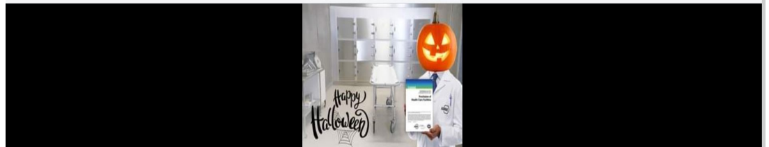
ASHRAE What better way to celebrate Halloween than by indulging in a scary movie? And, what's a spookier setting for a scene than a morgue? In the real world, ASHRAE sets the standard for those morgues, as well as autopsy rooms, with guidance from ANSI/ASHRAE/ASHE Standard 170, Ventilation of Health Care Facilities. Happy Halloween! https://bit.ly/3356QhN

Warm greetings from your local chapter President and the Board of Governors, during this crisp but wet October Fall season! As I was drafting this month's newsletter, I came across this ASHRAE Society's clip on their Facebook page from 2019, that I wanted to share. I find it really interesting to note that ASHRAE'S influence on the built environment extends to both the living and the dead! Cleveland being a hub of medical centers and research facilities, and with the ASHRAE's Epidemic Task Force and Building Readiness guidelines released during the current pandemic, this focus on healthcare facilities seems even more relevant.
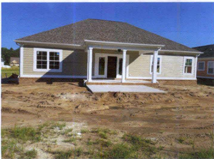
Rear View (07/27/16)
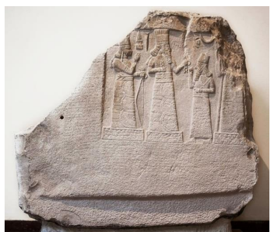
Fig 3. Stele showing Shamash-resh-uşur praying to the gods Adad and Ishtar with an inscription about beekeeping in Babylonian cuneiform

It is known that Sumerians living in Mesopotamia accepted the honey as a medicine in 3000 BC. The first humans naturally took advantage of their honey by killing bees nesting in tree hollows and rock cavities (Bakan, 2009).
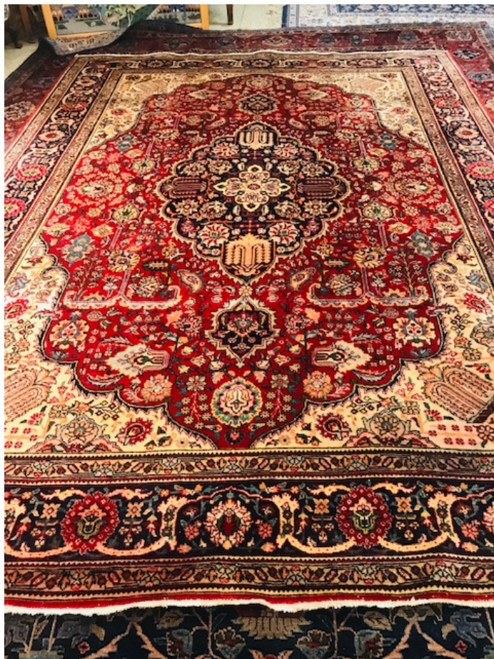
9 by 12 Tabriz wool Persian Rug. $2500.00 Trade
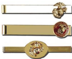
All three Tie Bars are authorized for wear
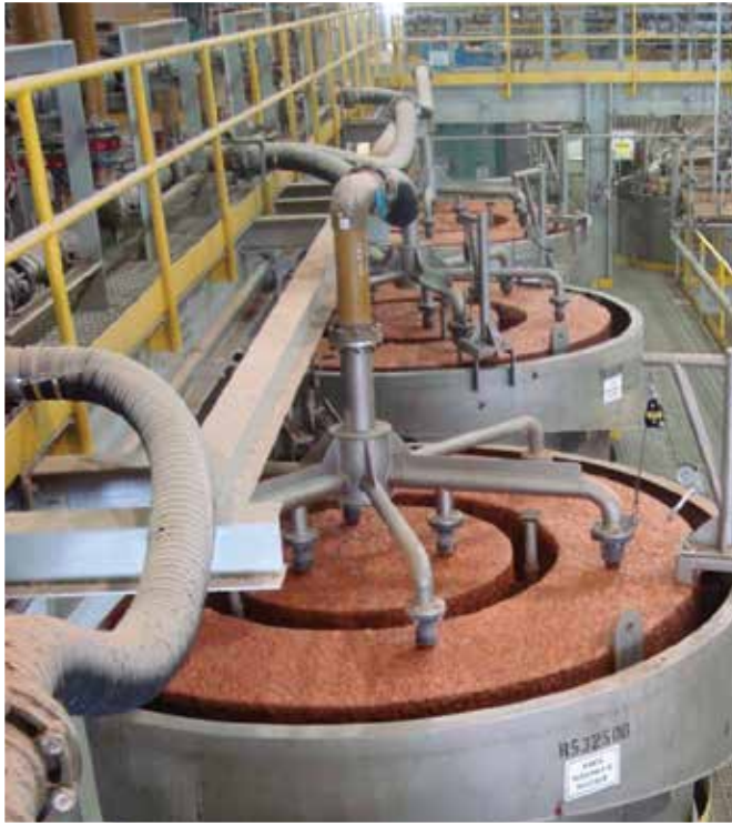
▲ Column flotation cells recover fines material in processing operations.
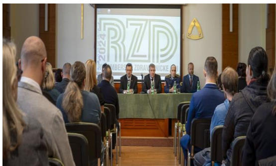
Fig. 19 Opening of the 18th edition of Ruzomberok Healthcare Days (November 2024)
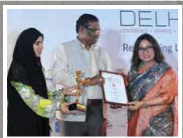
Mussoorie International School Mussoorie

--------------------

# What to work on
What you should repeat exactly is the run of lines from the top of the listing above through the line with "in processing operations.", without pictures.

# Your solution
ASHRAE What better way to celebrate Halloween than by indulging in a scary movie? And, what's a spookier setting for a scene than a morgue? In the real world, ASHRAE sets the standard for those morgues, as well as autopsy rooms, with guidance from ANSI/ASHRAE/ASHE Standard 170, Ventilation of Health Care Facilities. Happy Halloween! https://bit.ly/3356QhN

Warm greetings from your local chapter President and the Board of Governors, during this crisp but wet October Fall season! As I was drafting this month's newsletter, I came across this ASHRAE Society's clip on their Facebook page from 2019, that I wanted to share. I find it really interesting to note that ASHRAE'S influence on the built environment extends to both the living and the dead! Cleveland being a hub of medical centers and research facilities, and with the ASHRAE's Epidemic Task Force and Building Readiness guidelines released during the current pandemic, this focus on healthcare facilities seems even more relevant.
Rear View (07/27/16)
Fig 3. Stele showing Shamash-resh-uşur praying to the gods Adad and Ishtar with an inscription about beekeeping in Babylonian cuneiform

It is known that Sumerians living in Mesopotamia accepted the honey as a medicine in 3000 BC. The first humans naturally took advantage of their honey by killing bees nesting in tree hollows and rock cavities (Bakan, 2009).
9 by 12 Tabriz wool Persian Rug. $2500.00 Trade
All three Tie Bars are authorized for wear
▲ Column flotation cells recover fines material in processing operations.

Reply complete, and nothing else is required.